Sabah saat 06.00 idi ve ortada otobüs yoktu... 06.30 olmuştu, durum değişmemişti...

19 Temmuz 1974...

Beklediğimizden çok sonra yola çıkacaktık otobüsle, Lefkoşa Uçakalanı’na doğru... Otobüs şöförü sinirliydi ve bir an önce otobüsüne binmemizi istiyordu. Biz otobüse binerken, o da otobüsün damına çıkmış, valizlerimizi yerleştiriyordu. Ben çantamı yanıma almıştım çünkü içinde fotoğraf makinem vardı. Otobüs şöförü “LÜTFEN FOTOĞRAF ÇEKMEYİNİZ” diye bağırıyordu.

Fotoğraf çekmeyelim mi? Tamam... O zaman eve döndüğümüzde tanıdıklarımıza neyi gösterecektik? Öyleyse buraya aldığım gibi fotoğraflar çektim. Bir cipteki bir grup asker (öyle sanıyorum) otobüsümüzü durdurmuştu. Otobüse bindiler ve herkesin gözünün içine baktılar. Ben de onların gözünün içine baktım, sanki de orada değildim. Aptal rolü oynadık, bize soru sormasınlar, çantalarımızı karıştırmasınlar vs. diye...

Otobüsümüz yedinci kez durdurulmuştu! Bir keresinde inceden inceye incelenmiştik, bir defasında yalnızca bakıp geçmişlerdi... Tüm seyahat boyunca, otobüsün perdelerinin kapalı olması gerekiyordu, dışarıya bakmamalıydık ve hiç kimse de içeriye bakmamalıydı. Ne yapmalı? Bırakalım perdenin altından fotoğraf makinemiz baksın ve deklanşöre basarak umalım ki iyi bir resim çekmiş olalım...

Buraya aldığım fotoğraflarda havaalanına giderken karşılaştığımız barikat ve otobüsün incelenmesi...

Bir diğer fotoğraf ise otobüs hareket halindeyken çektiğim, insanların belki bir terasta kahvelerini yudumlarken görünümü...

Çektiğim fotoğraflar Mağusa’dan uçakalanına olan yoldandı... Herhalde bu Mağusa ile başkent arasındaki yoldu... Ballaryodissa Kilisesi’ni geçmiştik ve bir noktada anayoldan çıkıp kenti geçmiş olmalıydık...

19 Temmuz 1974 – Uçak alanında...

Maceralı bir otobüs yolculuğundan sonra Lefkoşa’nın eski uçak alanına vardık.
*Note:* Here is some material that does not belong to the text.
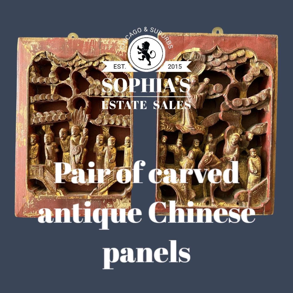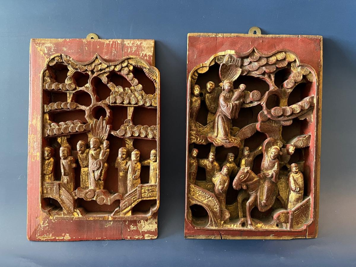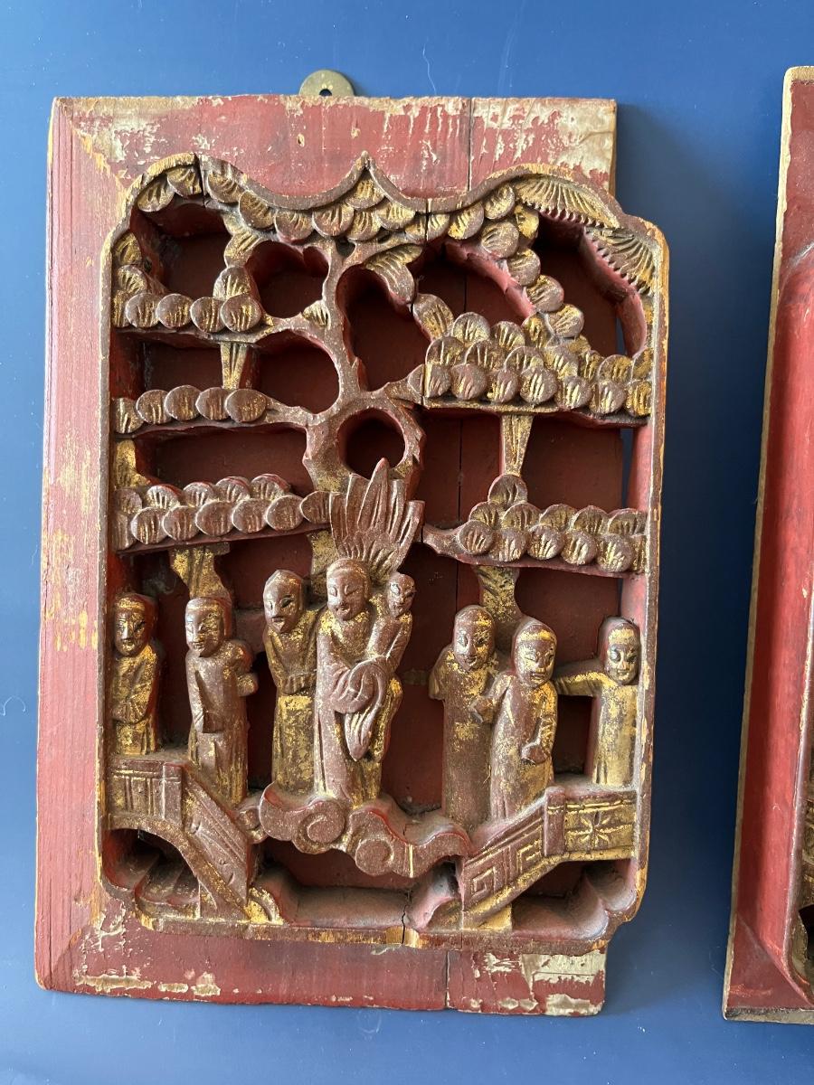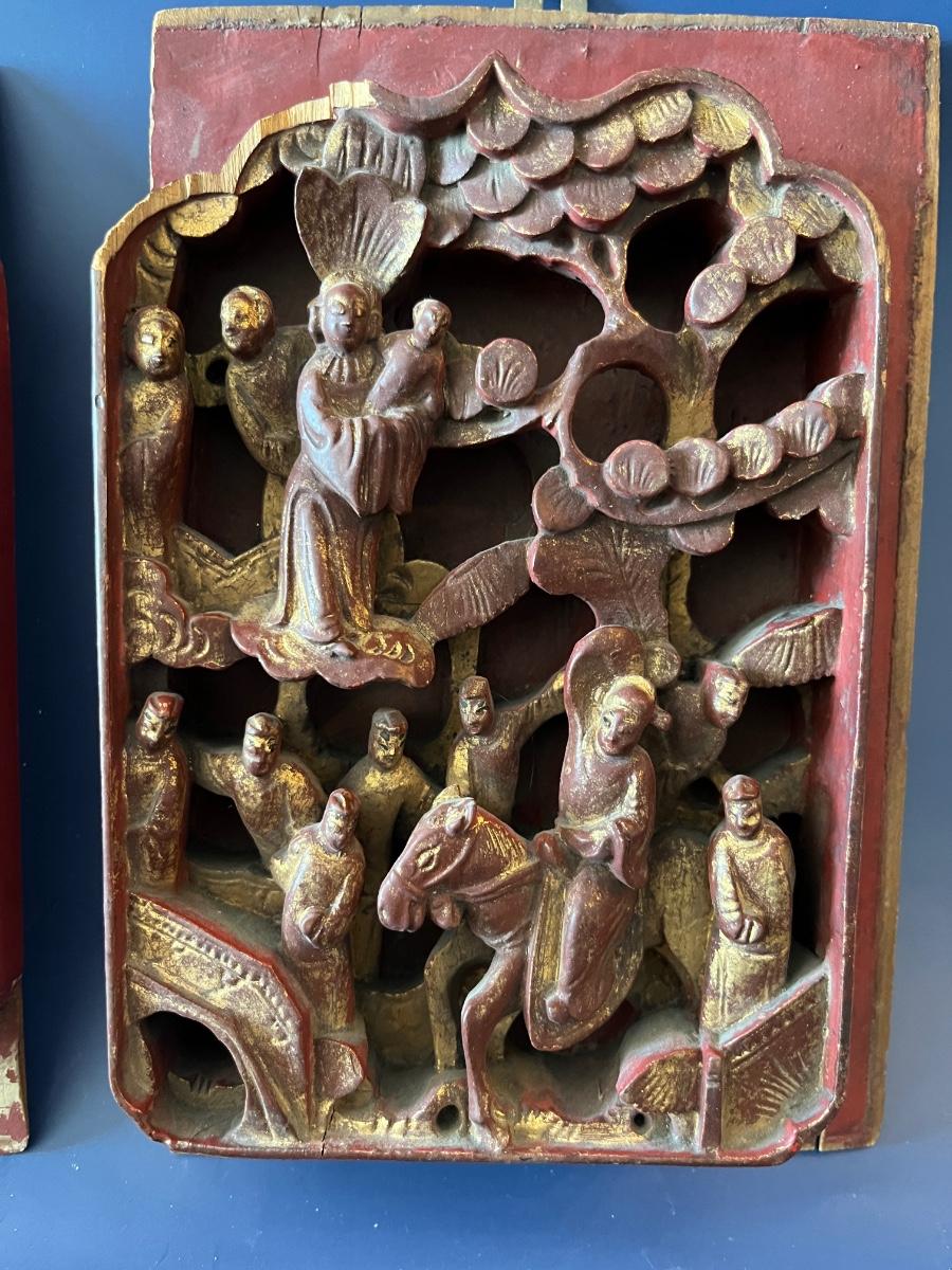 A pair of antique Chinese panels, richly carved with groups of courtiers standing under trees, lacquered in red and gold. These panels would have originally come from a larger piece like a chest or a screen, but now they make a great decorative hanging.

Ve kesinlikle yalnız değildik. Uçak alanı insanlarla dolup taşıyordu, nereye gideceklerini ya da bundan sonra ne yapmaları gerektiğini bilmeyen insanlar... Tek opsiyon beklemek ya da dolanıp durup benim yaptığım gibi resim çekmekti.

Dükkanlar kapalıydı, yiyecek ya da içecek bir şey alma fırsatı hiç yoktu... Ve buraya aldığım resimde görülebileceği gibi uçakalanındaki koridorlar böyle görünüyordu...


Bay Richard, Mağusa suriçini 18 Temmuz 1974'te ziyaretinde bu fotoğrafı çekmiş...


19 Temmuz 1974, Lefkoşa Uluslararası Uçakalanı'nda Bay Richard'ın çektiği bir resim...

19 Temmuz 1974'te Bay Richard'ın bindiği otobüs, yolda tam yedi kez durdurulup incelenmiş...

(Richard Keijzer’in notlarını derleyip özetle Türkçeleştiren: Sevgül Uludağ/YENİDÜZEN).